Author : Faruq Zamani
Publisher : LEARN ALCHEMICAL PRESS
Page : 280 pages
File Size : 48,48 MB
Release :
Category : History
ISBN :
The Sumerian people once inhabited the region near the Persian Gulf, known as Iraq. Greeks called this country Mesopotamia, which means the land between the rivers, as the Euphrates and Tigris, rising in Anatolia, flowed through Syria and Iraq before discharging into the Persian Gulf. 'Simurrum' is the name given to the northern region by the Semitic peoples later, like the word Sumerian, which was later used for the southern region. According to the Sumerians, their land was called Kien-gi, or 'land of the lordly En,' after the priest-king of Sumer (En). Sometime after 4000 BC, the Sumerians moved to this coastal area, but it's unclear from where they came.
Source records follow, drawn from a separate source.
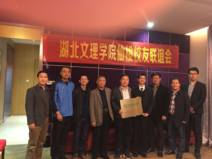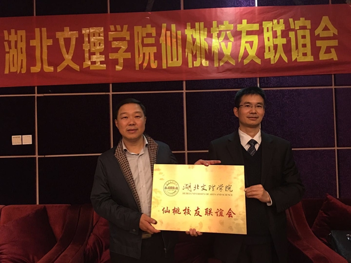 (数计学院 教工通讯员 黄河)10月20日下午,仙桃校友会成立大会在仙桃纽芬兰酒店举行。数计学院党委副书记郑明国、学工办主任黄河、教育学院教师窦刚以及在仙桃校友出席,共同庆祝仙桃校友会成立。成立大会由1998级英语专业刘勇校友主持。
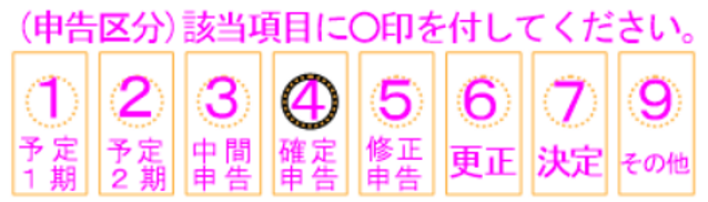 ●「申告区分」は「4.確定申告」に〇をつけましょう。
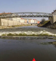 Čeká na vás krásně upravený sjízdný jez Riviéra i peřej pod jezem, nábřeží, tůně, mosty, lávky, vlaky, mola i ruch velkoměsta
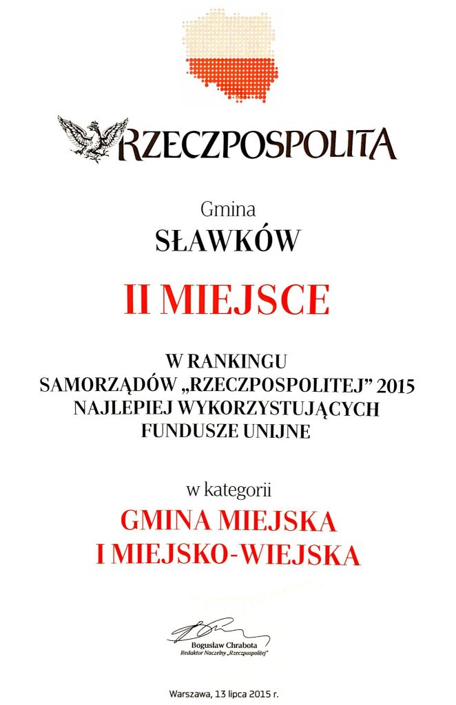 2 miejsce Sławkowa w rankingu Samorządów „Rzeczpospolitej” 2015 najlepiej wykorzystujących fundusze unijne w kategorii gmin miejskich i miejsko-wiejskich.
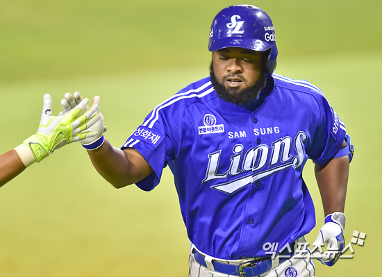 [엑스포츠뉴스=권혁재 기자] 3일 오후 서울 송파구 잠실야구장에서 열린 '2015 타이어뱅크 KBO리그' 삼성 라이온즈와 LG 트윈스의 경기에서 삼성이 2-1으로 앞선 6회초 삼성 나바로가 솔로포를 날리고 들어와 동료들과 하이파이브 하고 있다.
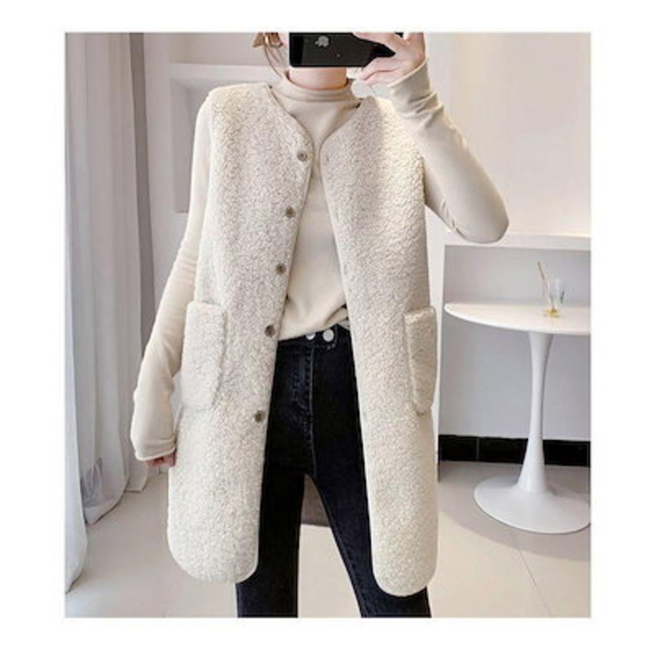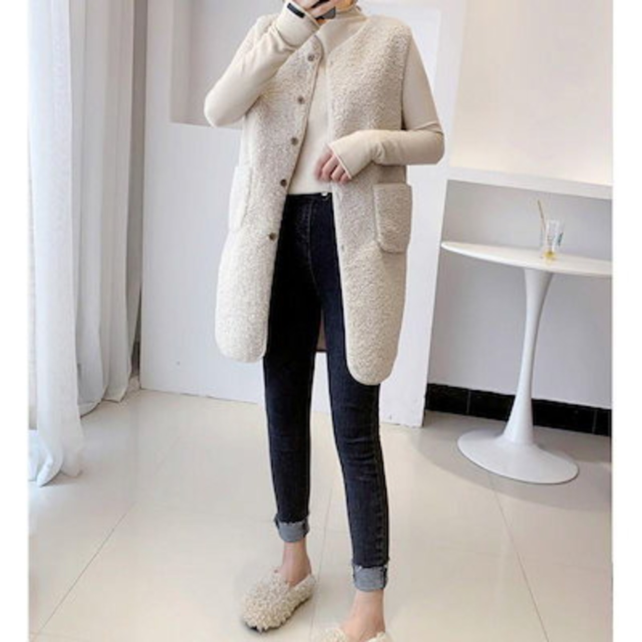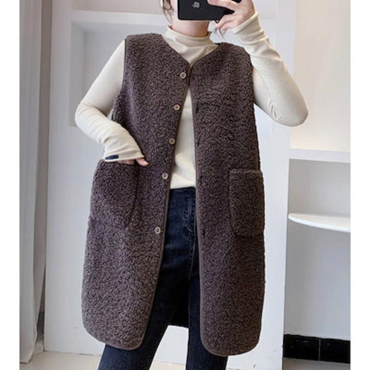 改良版加厚ボア レディース ジャケット アウター チョッキ ロング丈 フリース 前開き もこもこ 着痩せ 体型カバー

There is no connection between their language and any other language spoken in the region. After sailing upriver from the Persian Gulf, they migrated inland from the coastal area. On the other hand, Sumerians came from the northeast of Mesopotamia and traveled down the river to the south. 'Simurrum' could indicate that the Sumerians once lived in the northern region. The Sumerians must have encountered people who had already settled in the Persian Gulf area for a long time when they entered since a few cities had names that did not match Sumerians but were most likely derived from an unknown language. Examples include Uruk, Ešnunna, and Shuruppak. Similarly, Buranuna, the name of the Euphrates River, makes no sense in Sumerian, whereas Idigna, the name of the Tigris River, might be explained as 'the blue river. Farmers had established small settlements along these two great rivers during the fifth millennium BC. To irrigate agricultural crops, they diverted water from rivers through canals. There was little rainfall in this area, and the sun burned mercilessly during the summer months, so everyone lived entirely off floodwater from the rivers. The rivers could be dangerous, though, as the land was flat, and there was always the danger that the river would overflow its banks and change its course, inundating new areas and destroying crops and water supplies. The great rivers carried silt through the plain, forming swamps along the Persian coast. Here, the inhabitants grew cane for making little reed houses for the gods. God Enki was responsible for this domain. He brought civilization to the Sumerians and lived underground in a freshwater residence, the Abzu, located below the earth's surface but above the ocean's saltwater expanse.